ABOUT THIS EXERCISE: Repeat exactly the lines from the start of the material below up to and including the "Рис. 21.2. Телескоп" line.

SUPPLIED DATA:
—————
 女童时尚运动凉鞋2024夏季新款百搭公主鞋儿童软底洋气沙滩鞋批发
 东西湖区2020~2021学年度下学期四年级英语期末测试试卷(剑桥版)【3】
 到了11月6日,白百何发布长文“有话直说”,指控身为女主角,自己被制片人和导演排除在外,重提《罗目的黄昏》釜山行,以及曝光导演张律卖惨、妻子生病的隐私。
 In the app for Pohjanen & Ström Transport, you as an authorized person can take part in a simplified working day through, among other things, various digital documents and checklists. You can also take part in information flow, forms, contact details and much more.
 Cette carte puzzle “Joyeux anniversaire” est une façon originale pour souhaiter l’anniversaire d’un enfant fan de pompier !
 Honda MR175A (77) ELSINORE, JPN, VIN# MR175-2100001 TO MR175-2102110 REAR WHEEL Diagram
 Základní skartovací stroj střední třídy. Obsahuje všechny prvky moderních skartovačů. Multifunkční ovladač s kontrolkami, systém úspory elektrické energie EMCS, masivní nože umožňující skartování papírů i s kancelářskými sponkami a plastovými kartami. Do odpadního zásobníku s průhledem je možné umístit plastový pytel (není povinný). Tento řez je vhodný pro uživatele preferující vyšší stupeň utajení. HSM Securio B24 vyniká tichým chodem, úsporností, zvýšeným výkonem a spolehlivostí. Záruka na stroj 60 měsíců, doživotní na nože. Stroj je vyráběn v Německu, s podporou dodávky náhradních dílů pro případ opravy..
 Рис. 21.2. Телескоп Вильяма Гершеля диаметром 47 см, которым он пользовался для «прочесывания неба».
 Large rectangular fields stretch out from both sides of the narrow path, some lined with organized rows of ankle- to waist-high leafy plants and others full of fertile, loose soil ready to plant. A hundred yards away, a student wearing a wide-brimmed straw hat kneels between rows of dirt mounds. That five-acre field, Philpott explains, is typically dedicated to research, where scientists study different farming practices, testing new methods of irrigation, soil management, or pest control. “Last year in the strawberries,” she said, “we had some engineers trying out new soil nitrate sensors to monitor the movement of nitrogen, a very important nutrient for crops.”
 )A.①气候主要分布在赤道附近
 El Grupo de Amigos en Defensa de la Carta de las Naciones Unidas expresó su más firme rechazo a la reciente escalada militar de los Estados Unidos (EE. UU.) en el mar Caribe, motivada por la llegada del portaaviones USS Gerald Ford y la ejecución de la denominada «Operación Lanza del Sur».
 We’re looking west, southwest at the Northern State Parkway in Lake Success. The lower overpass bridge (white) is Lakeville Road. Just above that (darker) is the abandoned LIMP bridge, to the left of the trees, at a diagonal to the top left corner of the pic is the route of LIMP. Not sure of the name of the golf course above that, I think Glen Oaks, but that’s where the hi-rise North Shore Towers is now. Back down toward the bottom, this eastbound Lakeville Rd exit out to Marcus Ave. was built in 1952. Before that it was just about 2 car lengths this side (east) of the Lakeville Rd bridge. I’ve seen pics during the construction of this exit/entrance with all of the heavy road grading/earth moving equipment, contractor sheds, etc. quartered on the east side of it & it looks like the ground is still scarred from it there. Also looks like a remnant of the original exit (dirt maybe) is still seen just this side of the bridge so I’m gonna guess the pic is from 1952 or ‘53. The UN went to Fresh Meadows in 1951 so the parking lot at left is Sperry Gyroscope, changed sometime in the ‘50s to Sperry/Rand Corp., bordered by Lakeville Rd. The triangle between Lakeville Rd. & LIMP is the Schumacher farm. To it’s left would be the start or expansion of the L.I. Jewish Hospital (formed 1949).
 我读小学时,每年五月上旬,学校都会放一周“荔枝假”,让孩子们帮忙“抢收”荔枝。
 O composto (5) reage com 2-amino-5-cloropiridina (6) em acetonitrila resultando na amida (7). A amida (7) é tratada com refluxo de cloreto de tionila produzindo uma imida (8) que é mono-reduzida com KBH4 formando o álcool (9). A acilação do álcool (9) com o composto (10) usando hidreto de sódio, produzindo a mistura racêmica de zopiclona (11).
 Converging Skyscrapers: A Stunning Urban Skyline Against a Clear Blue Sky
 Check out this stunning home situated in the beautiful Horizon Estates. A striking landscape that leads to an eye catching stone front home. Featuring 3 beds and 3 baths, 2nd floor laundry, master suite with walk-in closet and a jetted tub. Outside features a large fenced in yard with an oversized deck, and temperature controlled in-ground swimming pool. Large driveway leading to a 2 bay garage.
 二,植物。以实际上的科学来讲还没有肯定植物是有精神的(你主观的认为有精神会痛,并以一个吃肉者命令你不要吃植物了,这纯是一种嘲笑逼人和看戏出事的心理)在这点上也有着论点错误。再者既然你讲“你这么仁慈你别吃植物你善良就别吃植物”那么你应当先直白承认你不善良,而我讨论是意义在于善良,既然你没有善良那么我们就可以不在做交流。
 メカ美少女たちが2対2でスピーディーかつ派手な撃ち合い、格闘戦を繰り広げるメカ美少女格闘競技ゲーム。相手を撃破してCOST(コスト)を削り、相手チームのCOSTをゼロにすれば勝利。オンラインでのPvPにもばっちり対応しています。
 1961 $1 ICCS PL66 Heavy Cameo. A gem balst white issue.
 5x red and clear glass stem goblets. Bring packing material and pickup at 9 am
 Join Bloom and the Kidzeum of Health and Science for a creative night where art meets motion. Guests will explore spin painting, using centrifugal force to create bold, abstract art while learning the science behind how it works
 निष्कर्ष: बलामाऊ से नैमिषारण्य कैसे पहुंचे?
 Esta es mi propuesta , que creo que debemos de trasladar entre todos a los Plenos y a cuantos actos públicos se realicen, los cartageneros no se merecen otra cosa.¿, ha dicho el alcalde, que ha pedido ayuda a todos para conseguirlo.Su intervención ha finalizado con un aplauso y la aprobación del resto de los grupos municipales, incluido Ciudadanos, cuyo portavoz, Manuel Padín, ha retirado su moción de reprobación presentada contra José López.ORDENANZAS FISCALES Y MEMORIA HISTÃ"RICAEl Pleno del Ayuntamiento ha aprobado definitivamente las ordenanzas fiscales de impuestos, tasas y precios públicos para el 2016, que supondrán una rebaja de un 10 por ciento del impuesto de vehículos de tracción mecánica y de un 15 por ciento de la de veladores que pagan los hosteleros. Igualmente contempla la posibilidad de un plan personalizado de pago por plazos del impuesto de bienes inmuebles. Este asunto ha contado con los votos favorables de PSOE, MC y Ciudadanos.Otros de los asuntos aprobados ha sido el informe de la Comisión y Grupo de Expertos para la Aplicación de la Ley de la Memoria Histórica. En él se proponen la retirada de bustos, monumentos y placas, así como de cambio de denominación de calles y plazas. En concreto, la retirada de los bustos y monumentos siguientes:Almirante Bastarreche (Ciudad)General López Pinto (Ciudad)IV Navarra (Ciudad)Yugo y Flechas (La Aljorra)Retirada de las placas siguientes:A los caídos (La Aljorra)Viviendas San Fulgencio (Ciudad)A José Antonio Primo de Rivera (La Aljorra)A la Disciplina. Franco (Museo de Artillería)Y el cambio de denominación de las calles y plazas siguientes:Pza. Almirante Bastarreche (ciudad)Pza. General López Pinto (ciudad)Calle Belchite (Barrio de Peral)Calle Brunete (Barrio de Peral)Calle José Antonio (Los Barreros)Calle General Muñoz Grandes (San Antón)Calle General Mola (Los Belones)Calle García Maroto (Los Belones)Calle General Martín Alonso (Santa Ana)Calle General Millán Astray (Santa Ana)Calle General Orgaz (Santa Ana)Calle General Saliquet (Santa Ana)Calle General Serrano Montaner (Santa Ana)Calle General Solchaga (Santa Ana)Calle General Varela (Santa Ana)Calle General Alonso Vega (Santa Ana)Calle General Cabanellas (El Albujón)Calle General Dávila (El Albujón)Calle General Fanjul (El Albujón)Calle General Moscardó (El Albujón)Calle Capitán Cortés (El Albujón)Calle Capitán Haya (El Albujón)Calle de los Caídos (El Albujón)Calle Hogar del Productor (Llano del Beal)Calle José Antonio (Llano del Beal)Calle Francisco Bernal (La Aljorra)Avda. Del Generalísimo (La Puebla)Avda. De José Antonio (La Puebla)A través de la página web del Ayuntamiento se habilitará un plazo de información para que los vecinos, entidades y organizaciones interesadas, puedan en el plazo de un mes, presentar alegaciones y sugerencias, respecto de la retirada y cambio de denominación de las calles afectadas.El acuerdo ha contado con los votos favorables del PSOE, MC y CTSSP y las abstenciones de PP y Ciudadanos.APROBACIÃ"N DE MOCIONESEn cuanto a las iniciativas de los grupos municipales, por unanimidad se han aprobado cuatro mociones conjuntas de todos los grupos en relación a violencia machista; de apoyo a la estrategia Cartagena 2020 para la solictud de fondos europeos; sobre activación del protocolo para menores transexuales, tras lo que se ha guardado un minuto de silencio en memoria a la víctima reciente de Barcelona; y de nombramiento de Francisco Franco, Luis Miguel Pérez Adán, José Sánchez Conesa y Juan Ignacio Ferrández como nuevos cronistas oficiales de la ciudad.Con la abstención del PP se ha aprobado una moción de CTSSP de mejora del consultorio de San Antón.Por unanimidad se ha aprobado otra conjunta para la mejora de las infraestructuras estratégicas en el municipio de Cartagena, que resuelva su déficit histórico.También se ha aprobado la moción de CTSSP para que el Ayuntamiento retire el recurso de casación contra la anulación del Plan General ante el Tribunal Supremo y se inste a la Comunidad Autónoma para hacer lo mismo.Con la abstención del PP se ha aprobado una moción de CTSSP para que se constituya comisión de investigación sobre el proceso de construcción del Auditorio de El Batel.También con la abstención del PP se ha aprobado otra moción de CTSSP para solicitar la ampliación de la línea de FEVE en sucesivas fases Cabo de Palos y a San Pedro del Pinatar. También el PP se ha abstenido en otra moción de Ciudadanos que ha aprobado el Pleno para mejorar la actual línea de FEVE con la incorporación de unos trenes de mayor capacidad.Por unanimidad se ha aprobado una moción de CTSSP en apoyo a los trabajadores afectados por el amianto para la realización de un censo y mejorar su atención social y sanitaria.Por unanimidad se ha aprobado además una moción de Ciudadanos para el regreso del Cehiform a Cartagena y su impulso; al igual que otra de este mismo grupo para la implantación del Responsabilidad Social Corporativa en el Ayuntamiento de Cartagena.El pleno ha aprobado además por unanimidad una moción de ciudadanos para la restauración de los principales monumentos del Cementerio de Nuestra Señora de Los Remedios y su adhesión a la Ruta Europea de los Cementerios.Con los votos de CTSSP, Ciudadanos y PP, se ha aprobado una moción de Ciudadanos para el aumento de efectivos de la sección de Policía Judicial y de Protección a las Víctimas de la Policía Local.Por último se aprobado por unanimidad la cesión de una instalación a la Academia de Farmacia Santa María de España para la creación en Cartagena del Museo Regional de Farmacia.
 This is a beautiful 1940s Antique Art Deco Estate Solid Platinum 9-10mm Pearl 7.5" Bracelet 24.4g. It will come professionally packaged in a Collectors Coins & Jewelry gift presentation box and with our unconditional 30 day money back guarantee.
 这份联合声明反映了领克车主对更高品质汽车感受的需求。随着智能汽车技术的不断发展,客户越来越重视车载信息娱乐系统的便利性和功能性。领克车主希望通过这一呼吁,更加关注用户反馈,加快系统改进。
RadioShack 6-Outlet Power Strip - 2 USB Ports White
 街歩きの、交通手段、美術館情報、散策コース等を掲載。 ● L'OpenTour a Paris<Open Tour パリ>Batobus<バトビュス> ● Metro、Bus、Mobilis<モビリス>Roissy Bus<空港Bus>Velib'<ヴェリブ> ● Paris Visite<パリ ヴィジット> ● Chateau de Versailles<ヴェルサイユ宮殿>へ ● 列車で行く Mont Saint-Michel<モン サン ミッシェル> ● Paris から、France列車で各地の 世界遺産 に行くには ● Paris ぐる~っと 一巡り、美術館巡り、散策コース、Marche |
—————
RESULT FOR THIS EXERCISE:
 女童时尚运动凉鞋2024夏季新款百搭公主鞋儿童软底洋气沙滩鞋批发
 东西湖区2020~2021学年度下学期四年级英语期末测试试卷(剑桥版)【3】
 到了11月6日,白百何发布长文“有话直说”,指控身为女主角,自己被制片人和导演排除在外,重提《罗目的黄昏》釜山行,以及曝光导演张律卖惨、妻子生病的隐私。
 In the app for Pohjanen & Ström Transport, you as an authorized person can take part in a simplified working day through, among other things, various digital documents and checklists. You can also take part in information flow, forms, contact details and much more.
 Cette carte puzzle “Joyeux anniversaire” est une façon originale pour souhaiter l’anniversaire d’un enfant fan de pompier !
 Honda MR175A (77) ELSINORE, JPN, VIN# MR175-2100001 TO MR175-2102110 REAR WHEEL Diagram
 Základní skartovací stroj střední třídy. Obsahuje všechny prvky moderních skartovačů. Multifunkční ovladač s kontrolkami, systém úspory elektrické energie EMCS, masivní nože umožňující skartování papírů i s kancelářskými sponkami a plastovými kartami. Do odpadního zásobníku s průhledem je možné umístit plastový pytel (není povinný). Tento řez je vhodný pro uživatele preferující vyšší stupeň utajení. HSM Securio B24 vyniká tichým chodem, úsporností, zvýšeným výkonem a spolehlivostí. Záruka na stroj 60 měsíců, doživotní na nože. Stroj je vyráběn v Německu, s podporou dodávky náhradních dílů pro případ opravy..
 Рис. 21.2. Телескоп Вильяма Гершеля диаметром 47 см, которым он пользовался для «прочесывания неба».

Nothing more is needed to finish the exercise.